Task goal ->
The copy has to match the records word for word and include no pictures.

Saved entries
*-*-*

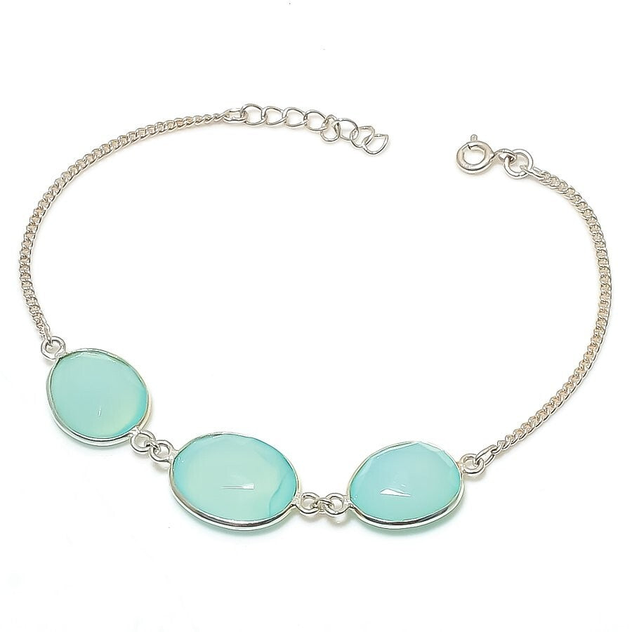 Green Chalcedony Gemstone 925 Sterling Silver Mother New Chain Bracelet Jewelry
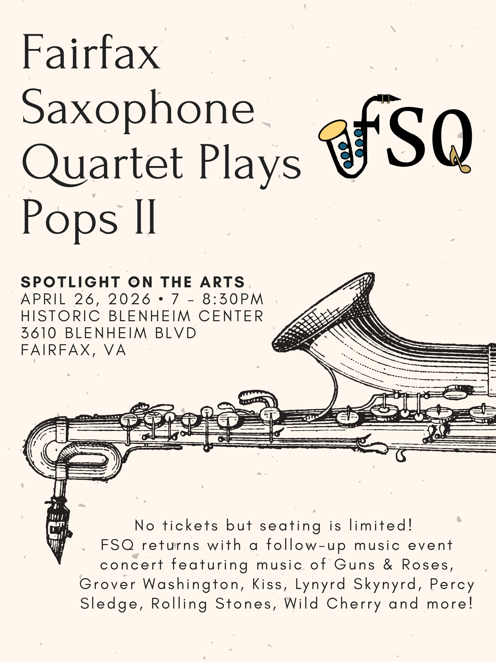 Fairfax Saxophone Quartet, “FSQ Plays Pops II – Spotlight 2026″, @HistoricBlenheimCenter (Fairfax, VA)
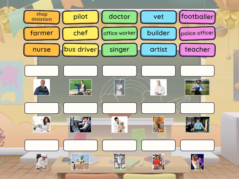artist, builder, bus driver, chef, doctor, farmer, footballer, nurse, office worker, pilot, police officer, shop assistant, singer, teacher, vet,
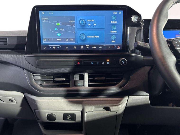 13" Touchscreen, 5G embedded modem, AECS NO SMS/Roll Detect 2G, PAS, Tyre pressure monitor, SYNC 4 - Android Auto/Apple Car Play, advance speech recognition, over the air update capability, Automatic headlights, Automatic windscreen wipers, Body coloured door mirrors, Body coloured front bumper, Body coloured rear bumpers, Daytime running lights, Electric front windows with one touch facility for driver and front passenger, Front mud flaps, Front splash guards, Low roof line, Quickclear front window defroster, Rear cargo hinged door, Rear splash guards, Trailer sway control, 6 Load compartment tie down loops, Courtesy light, Interior grab handle with driver's sunglasses holder, LED lights, Locking glove box lid, Sensico gearshift knob, 2 remote keys, Alcohol Interlock wiring preparation pack, Keyless entry and start, Locking wheel lug nut, Thatcham category 1 alarm, 63 litre fuel tank, ABS, ESP, Hill launch assist, Traction control, Full wheelcovers, Tyre repair kit,
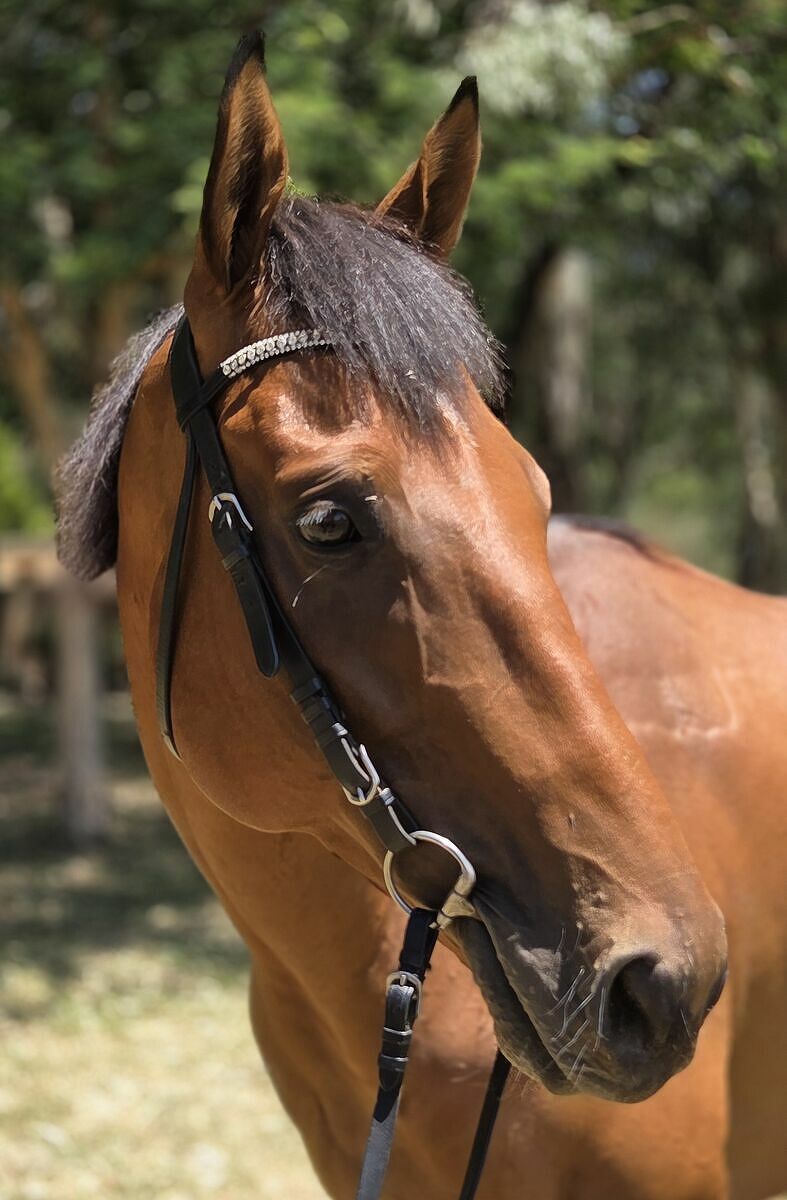 Piper (of Hamelin) is a 5-year-old OTTB gelding by Oratorio, standing approximately 16.1 hh, with a compact, stocky build and a soft, kind expression. He was originally purchased as a prospect for Western mounted games and has the athletic, sturdy type to suit a variety of disciplines.
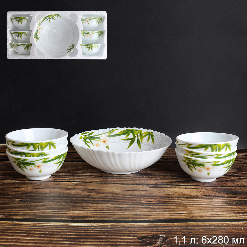 Салатник 7 предметов, стеклокерамика. Посуда отлично выглядит при сервировки любого стола и отзывы от покупателей на такие блюда только положительные. Узнать цену и купить блюдо Посуду оптом и в розницу Вы можете в нашем интернет магазине в Челябинске. А также в другиих городах, таких как Оренбург Уфа Курган Омск Тюмень Екатеринбург Самара Пенза Никольск Гусь Хрустальный и других. Доставка во многие города России бесплатная
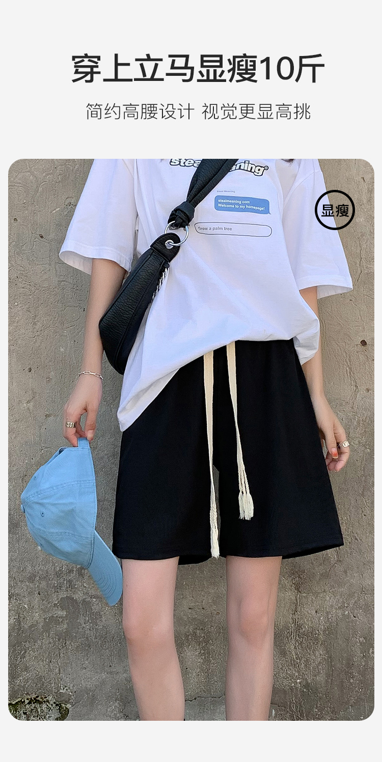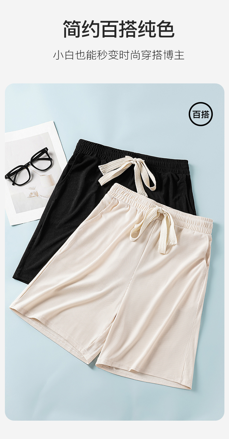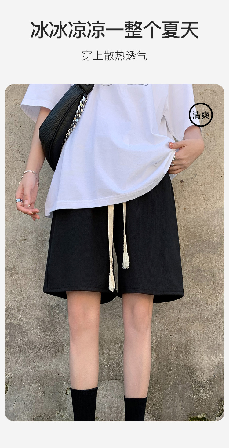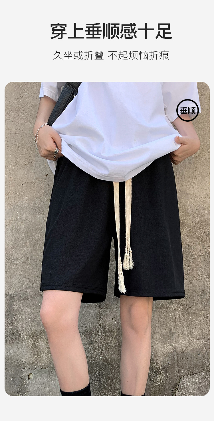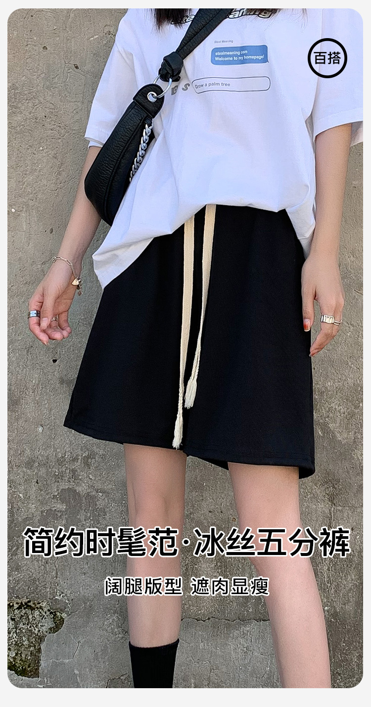夏季薄款高腰垂感显瘦抽绳冰丝透气五分裤西装裤短裤休闲裤女Z113冰丝五分裤

*-*-*

Solution ->
 Green Chalcedony Gemstone 925 Sterling Silver Mother New Chain Bracelet Jewelry
 Fairfax Saxophone Quartet, “FSQ Plays Pops II – Spotlight 2026″, @HistoricBlenheimCenter (Fairfax, VA)
artist, builder, bus driver, chef, doctor, farmer, footballer, nurse, office worker, pilot, police officer, shop assistant, singer, teacher, vet,
 13" Touchscreen, 5G embedded modem, AECS NO SMS/Roll Detect 2G, PAS, Tyre pressure monitor, SYNC 4 - Android Auto/Apple Car Play, advance speech recognition, over the air update capability, Automatic headlights, Automatic windscreen wipers, Body coloured door mirrors, Body coloured front bumper, Body coloured rear bumpers, Daytime running lights, Electric front windows with one touch facility for driver and front passenger, Front mud flaps, Front splash guards, Low roof line, Quickclear front window defroster, Rear cargo hinged door, Rear splash guards, Trailer sway control, 6 Load compartment tie down loops, Courtesy light, Interior grab handle with driver's sunglasses holder, LED lights, Locking glove box lid, Sensico gearshift knob, 2 remote keys, Alcohol Interlock wiring preparation pack, Keyless entry and start, Locking wheel lug nut, Thatcham category 1 alarm, 63 litre fuel tank, ABS, ESP, Hill launch assist, Traction control, Full wheelcovers, Tyre repair kit,
 Piper (of Hamelin) is a 5-year-old OTTB gelding by Oratorio, standing approximately 16.1 hh, with a compact, stocky build and a soft, kind expression. He was originally purchased as a prospect for Western mounted games and has the athletic, sturdy type to suit a variety of disciplines.
 Салатник 7 предметов, стеклокерамика. Посуда отлично выглядит при сервировки любого стола и отзывы от покупателей на такие блюда только положительные. Узнать цену и купить блюдо Посуду оптом и в розницу Вы можете в нашем интернет магазине в Челябинске. А также в другиих городах, таких как Оренбург Уфа Курган Омск Тюмень Екатеринбург Самара Пенза Никольск Гусь Хрустальный и других. Доставка во многие города России бесплатная
夏季薄款高腰垂感显瘦抽绳冰丝透气五分裤西装裤短裤休闲裤女Z113冰丝五分裤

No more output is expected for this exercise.